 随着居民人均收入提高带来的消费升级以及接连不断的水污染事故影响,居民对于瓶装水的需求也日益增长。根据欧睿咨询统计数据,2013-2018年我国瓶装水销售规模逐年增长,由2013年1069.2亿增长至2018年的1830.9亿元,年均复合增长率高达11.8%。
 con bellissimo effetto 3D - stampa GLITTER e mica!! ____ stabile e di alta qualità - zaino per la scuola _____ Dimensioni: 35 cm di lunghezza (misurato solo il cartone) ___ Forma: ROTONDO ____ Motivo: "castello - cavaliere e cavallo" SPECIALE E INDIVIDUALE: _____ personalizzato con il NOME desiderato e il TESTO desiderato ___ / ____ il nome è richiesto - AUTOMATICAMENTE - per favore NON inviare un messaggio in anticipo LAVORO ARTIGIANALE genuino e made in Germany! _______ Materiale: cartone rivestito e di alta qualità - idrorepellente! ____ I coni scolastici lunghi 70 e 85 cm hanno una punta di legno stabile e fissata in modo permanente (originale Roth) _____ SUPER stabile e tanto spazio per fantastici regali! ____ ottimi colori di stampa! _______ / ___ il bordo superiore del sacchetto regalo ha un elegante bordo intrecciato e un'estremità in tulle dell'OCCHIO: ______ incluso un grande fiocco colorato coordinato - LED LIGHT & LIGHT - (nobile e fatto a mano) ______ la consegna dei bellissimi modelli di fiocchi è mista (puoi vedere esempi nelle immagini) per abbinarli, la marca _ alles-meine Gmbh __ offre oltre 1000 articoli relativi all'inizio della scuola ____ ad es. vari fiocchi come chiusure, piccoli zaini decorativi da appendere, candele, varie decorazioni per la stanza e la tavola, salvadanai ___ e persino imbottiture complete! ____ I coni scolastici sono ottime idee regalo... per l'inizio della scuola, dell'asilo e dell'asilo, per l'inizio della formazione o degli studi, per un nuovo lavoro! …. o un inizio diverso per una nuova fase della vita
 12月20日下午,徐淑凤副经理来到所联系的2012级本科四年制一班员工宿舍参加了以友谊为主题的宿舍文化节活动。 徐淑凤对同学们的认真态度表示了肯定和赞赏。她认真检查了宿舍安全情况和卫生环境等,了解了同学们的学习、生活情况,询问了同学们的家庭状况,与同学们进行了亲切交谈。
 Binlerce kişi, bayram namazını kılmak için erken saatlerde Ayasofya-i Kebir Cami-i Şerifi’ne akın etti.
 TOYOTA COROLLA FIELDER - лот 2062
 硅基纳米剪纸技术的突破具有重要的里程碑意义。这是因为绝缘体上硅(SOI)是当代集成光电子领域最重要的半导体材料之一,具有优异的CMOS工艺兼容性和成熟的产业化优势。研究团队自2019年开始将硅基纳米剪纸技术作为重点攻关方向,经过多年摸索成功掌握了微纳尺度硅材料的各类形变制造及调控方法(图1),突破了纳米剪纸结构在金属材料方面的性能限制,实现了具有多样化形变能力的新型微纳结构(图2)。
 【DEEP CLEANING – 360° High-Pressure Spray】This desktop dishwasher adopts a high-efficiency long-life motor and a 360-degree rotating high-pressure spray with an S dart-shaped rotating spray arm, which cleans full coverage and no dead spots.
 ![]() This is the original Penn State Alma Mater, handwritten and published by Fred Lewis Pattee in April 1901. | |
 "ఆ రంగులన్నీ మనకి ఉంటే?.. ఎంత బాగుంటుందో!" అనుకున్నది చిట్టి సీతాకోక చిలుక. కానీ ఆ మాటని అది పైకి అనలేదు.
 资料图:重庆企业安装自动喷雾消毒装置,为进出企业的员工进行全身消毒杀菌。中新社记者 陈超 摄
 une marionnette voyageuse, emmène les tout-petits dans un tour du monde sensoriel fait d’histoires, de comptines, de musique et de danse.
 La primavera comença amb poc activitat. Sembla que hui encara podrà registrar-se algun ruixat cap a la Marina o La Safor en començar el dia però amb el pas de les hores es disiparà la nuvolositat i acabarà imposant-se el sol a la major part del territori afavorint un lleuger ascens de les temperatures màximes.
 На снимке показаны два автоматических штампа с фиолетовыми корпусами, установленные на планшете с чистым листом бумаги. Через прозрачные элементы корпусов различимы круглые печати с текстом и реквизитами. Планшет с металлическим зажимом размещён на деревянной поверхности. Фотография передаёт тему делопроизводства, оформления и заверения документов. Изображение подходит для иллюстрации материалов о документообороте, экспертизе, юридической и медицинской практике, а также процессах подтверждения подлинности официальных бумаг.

[Activity] Working from the records above, write out verbatim only the lines from the line containing "une marionnette voyageuse, emmène" through the line containing "La primavera comença".

[Expected output]
 une marionnette voyageuse, emmène les tout-petits dans un tour du monde sensoriel fait d’histoires, de comptines, de musique et de danse.
 La primavera comença amb poc activitat. Sembla que hui encara podrà registrar-se algun ruixat cap a la Marina o La Safor en començar el dia però amb el pas de les hores es disiparà la nuvolositat i acabarà imposant-se el sol a la major part del territori afavorint un lleuger ascens de les temperatures màximes.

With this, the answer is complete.